The Prime Minister played down the China threat except for exhorting Beijing to play by the rules, saying an “Asia of rivalry” would hold all its players back. And, in contrast to US Defense Secretary James Mattis warning China over maritime ‘intimidation’, Modi talked about seeking closer ties with China and termed “stable relations” between the two countries as “an important factor for global peace and progress.” Modi went a step further and advised other powers to avoid taking a confrontationist line to prevent “great power rivalries”. These statements were significant given that they were made about a week ahead of the Shanghai Cooperation Organisation (SCO) summit in Qingdao. At Qingdao, he joined other leaders in committing to the “Shanghai Spirit” – a term coined in 2006 to invert the Cold War-era mentality.
New Delhi needs to be mindful of the fluid nature of the dynamics in security relationships in the Asia-Pacific. Indian interlocutors seeking exemptions from higher tariffs on Indian items in the US market need to understand that Trump is likely to agree to such a step only if he is able to make enough profits by selling US arms to India. This explains the US attempts to scuttle India’s ongoing defence deals with Russia. Trump knows that America can sell India a glut of arms by playing up Indians’ Sinophobia.
Though his dexterous diplomacy, Modi has deflated the hype created by certain sections of Indian and American think tanks and media outlets which enjoyed a great sense of vanity and smugness about the strategic importance of India for America in counterbalancing China.
To be clear, there can’t be an Asia without China just as there can’t be an Asia without India. In fact, most Asian nations, despite their disputes and differences, do not approve of all-round hostility against each other.
Instead, India’s fellow Asian societies seemed to have learnt and continue to practice N?g?rjuna’s non-dogmatic precept of Madhyamaka (fundamental verses of the Middle Way) that accepts the nature of reality and ‘interdependent co-arising or dependent co-origination’ to overcome problems.
Realising that India can no longer continue with the old habit of remaining a geopolitical bystander in Asia, a nuanced shift in Modi’s policy of moving away from the West-led confrontationist approach is a welcome move. What Modi essentially lacked until recently was a wise and level-headed foreign policy advisor.

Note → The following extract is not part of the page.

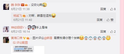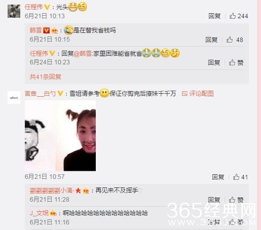 底下的评论自然是一顿赞美,不过也有那么几个奇葩的网友让韩雪去剪光头~~哈哈。当然咯,韩雪怎么可能去剪光头呢??也有网友说要看剪好发型的韩雪。

Yet, one should be cautiously optimistic about the Wuhan process moving forward in the right direction. Possibly it does not represent a change of hearts but only a tactical adjustment with both sides buying a temporary truce due to the imperatives of their respective external and domestic agenda. For the overall atmosphere of suspicion and mistrust to go will take time and require sustained efforts by both sides. But the process of resetting the ties may have begun in Wuhan, probably with India’s willingness to stop playing the Dalai Lama card in return for China’s willingness to end using Pakistan as a proxy. India should try and avert further challenges posed by China from multiplying. One hopes that the new team led by Foreign Secretary Vijay Gokhale is able to navigate engagement with China in good faith and not indulge in tactical ploys.
Views expressed are of the author and do not necessarily reflect the views of the IDSA or of the Government of India.